Every line from the one holding "Кухонная мойка OMOIKIRI" through the one holding "einen komfortablen Rückzugsort." in the data below must be returned exactly, both ends included, with pictures left out and nothing else added.

- [Data records]
══════════════════════════════

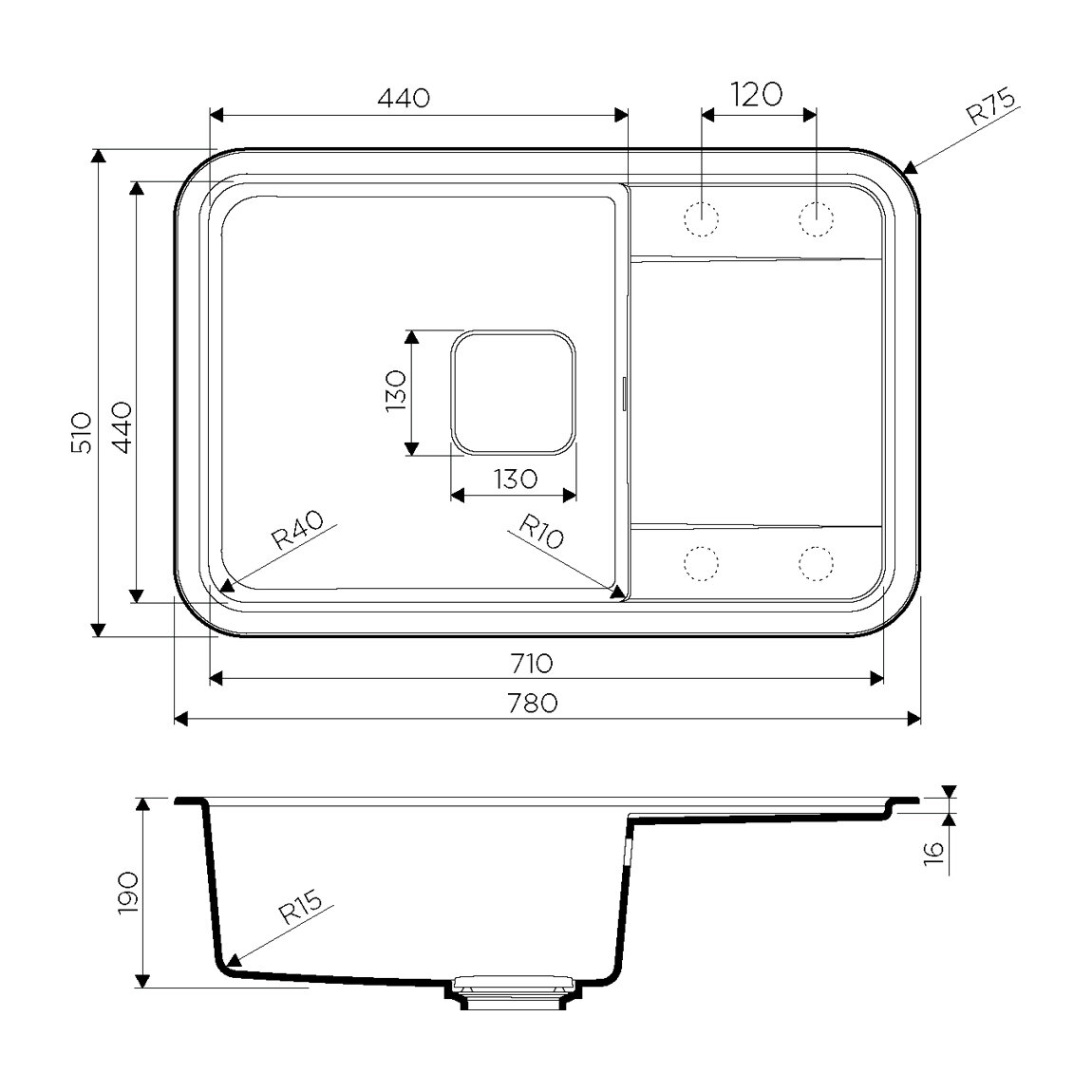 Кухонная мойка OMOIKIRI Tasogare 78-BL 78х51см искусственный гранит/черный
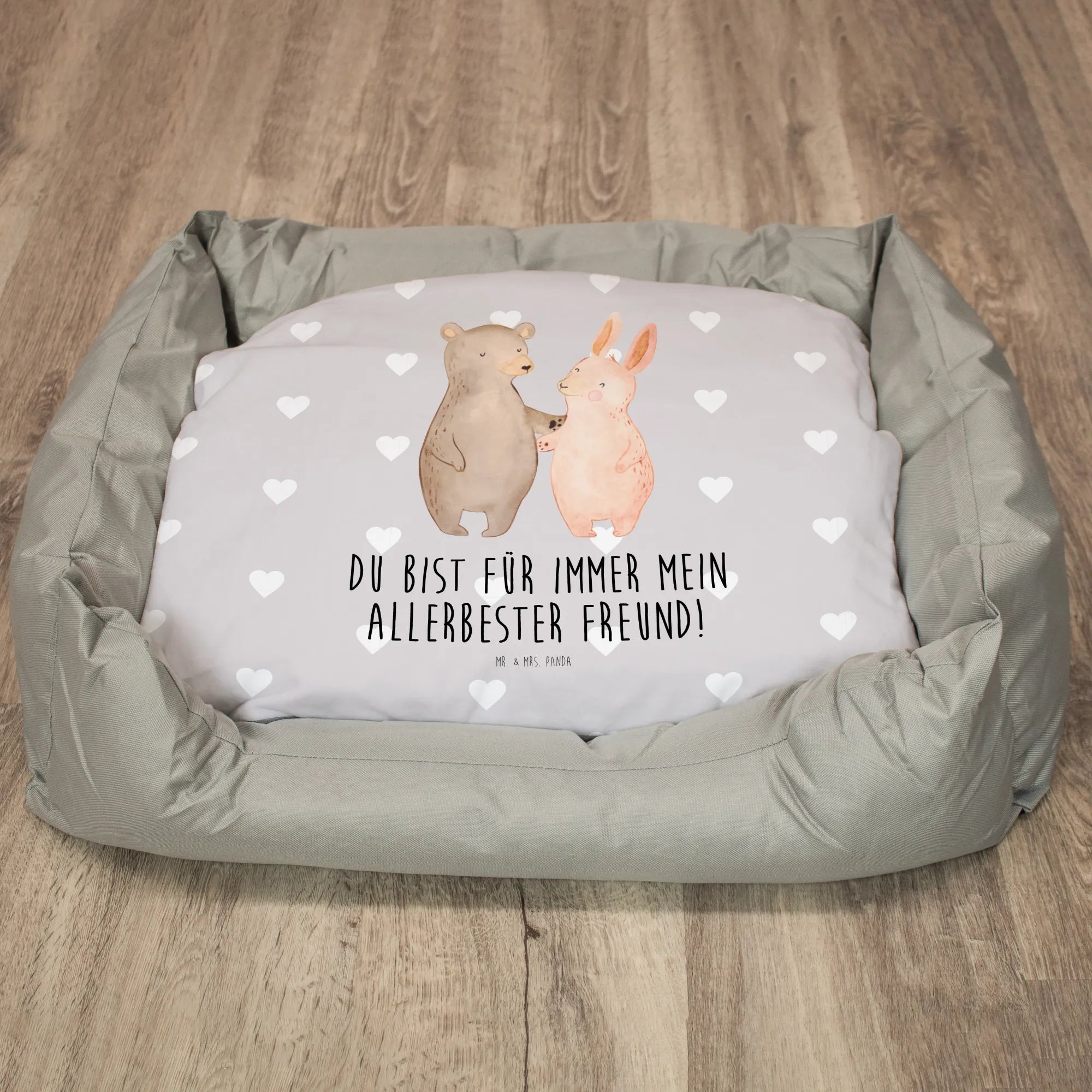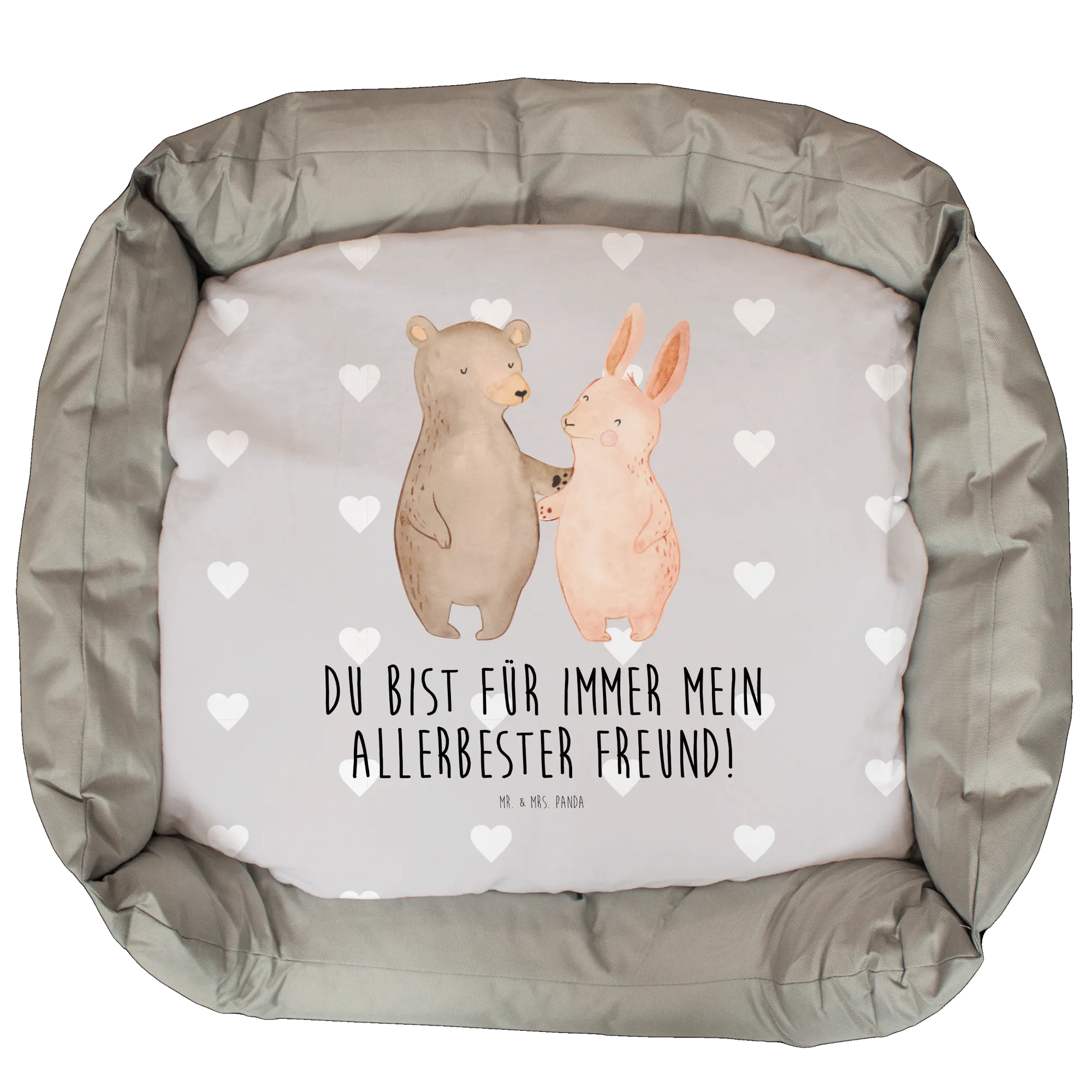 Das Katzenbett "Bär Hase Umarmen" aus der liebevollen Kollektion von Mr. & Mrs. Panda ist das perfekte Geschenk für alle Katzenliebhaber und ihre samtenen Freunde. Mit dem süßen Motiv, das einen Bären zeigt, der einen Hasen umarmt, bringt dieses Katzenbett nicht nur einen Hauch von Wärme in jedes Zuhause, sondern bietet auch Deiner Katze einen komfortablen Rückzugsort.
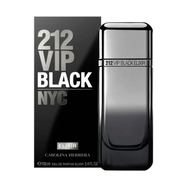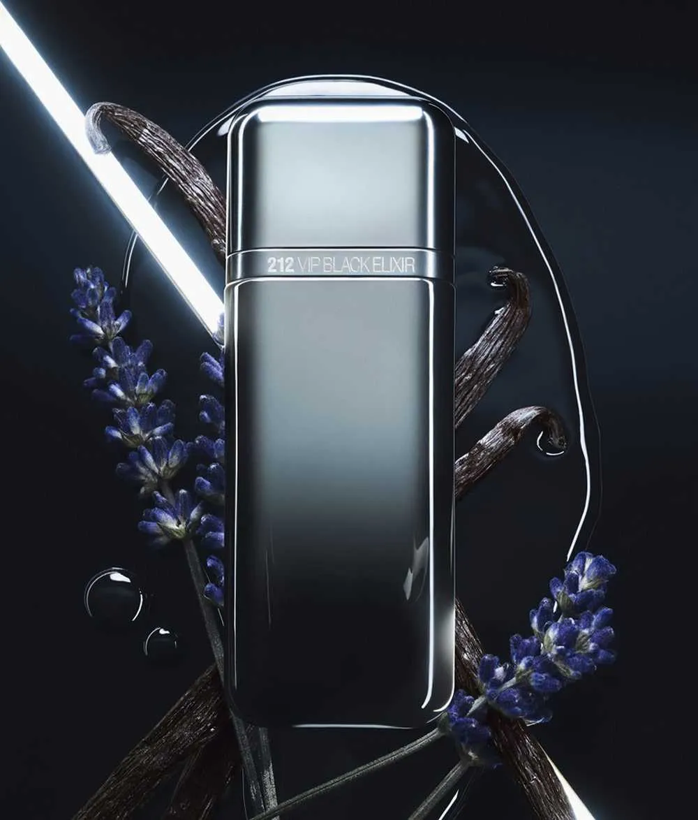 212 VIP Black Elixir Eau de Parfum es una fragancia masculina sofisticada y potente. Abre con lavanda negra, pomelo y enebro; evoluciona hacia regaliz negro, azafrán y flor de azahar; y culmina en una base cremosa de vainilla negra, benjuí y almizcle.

══════════════════════════════

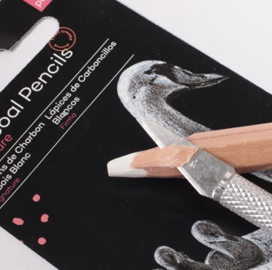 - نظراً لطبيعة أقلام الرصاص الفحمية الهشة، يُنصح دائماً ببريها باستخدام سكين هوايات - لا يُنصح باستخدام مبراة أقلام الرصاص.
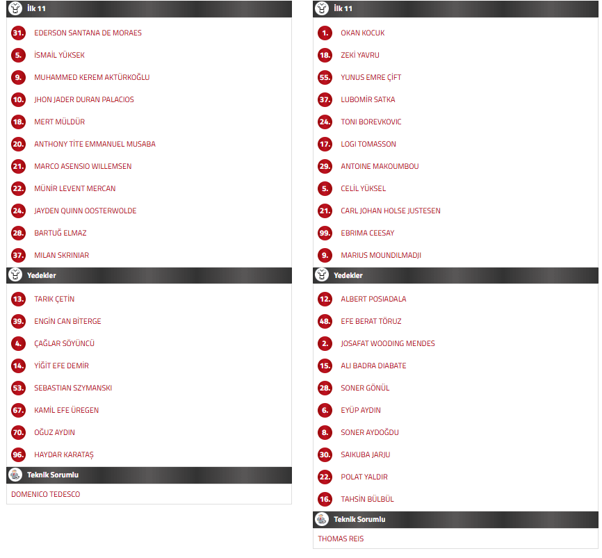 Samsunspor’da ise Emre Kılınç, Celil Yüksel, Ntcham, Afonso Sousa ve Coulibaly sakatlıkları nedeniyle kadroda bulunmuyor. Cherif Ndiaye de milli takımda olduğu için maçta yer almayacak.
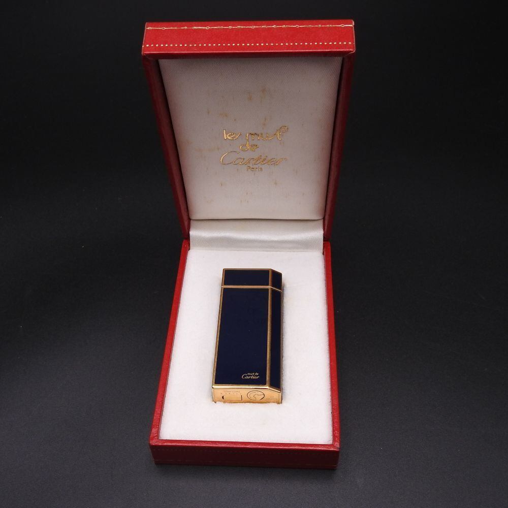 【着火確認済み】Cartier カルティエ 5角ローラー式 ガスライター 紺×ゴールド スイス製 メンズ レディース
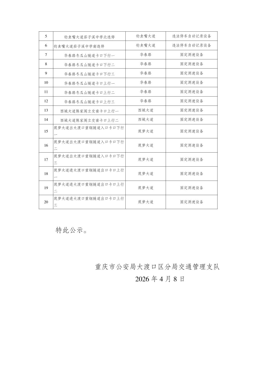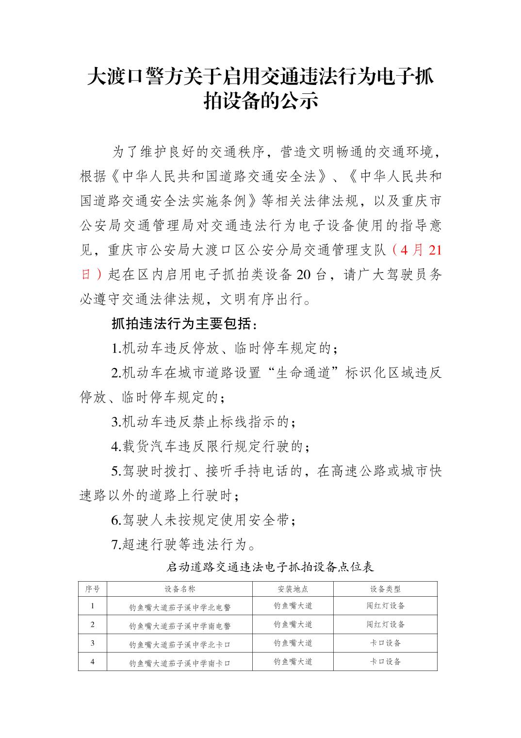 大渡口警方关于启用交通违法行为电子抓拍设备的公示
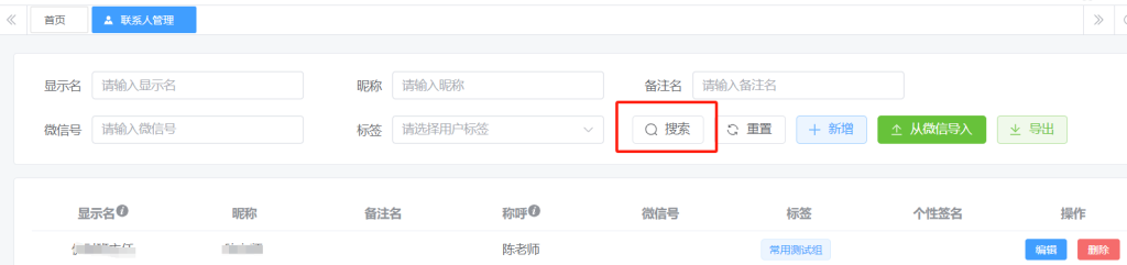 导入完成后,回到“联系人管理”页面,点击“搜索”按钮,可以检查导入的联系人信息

══════════════════════════════

- [Exercise response]
 Кухонная мойка OMOIKIRI Tasogare 78-BL 78х51см искусственный гранит/черный
 Das Katzenbett "Bär Hase Umarmen" aus der liebevollen Kollektion von Mr. & Mrs. Panda ist das perfekte Geschenk für alle Katzenliebhaber und ihre samtenen Freunde. Mit dem süßen Motiv, das einen Bären zeigt, der einen Hasen umarmt, bringt dieses Katzenbett nicht nur einen Hauch von Wärme in jedes Zuhause, sondern bietet auch Deiner Katze einen komfortablen Rückzugsort.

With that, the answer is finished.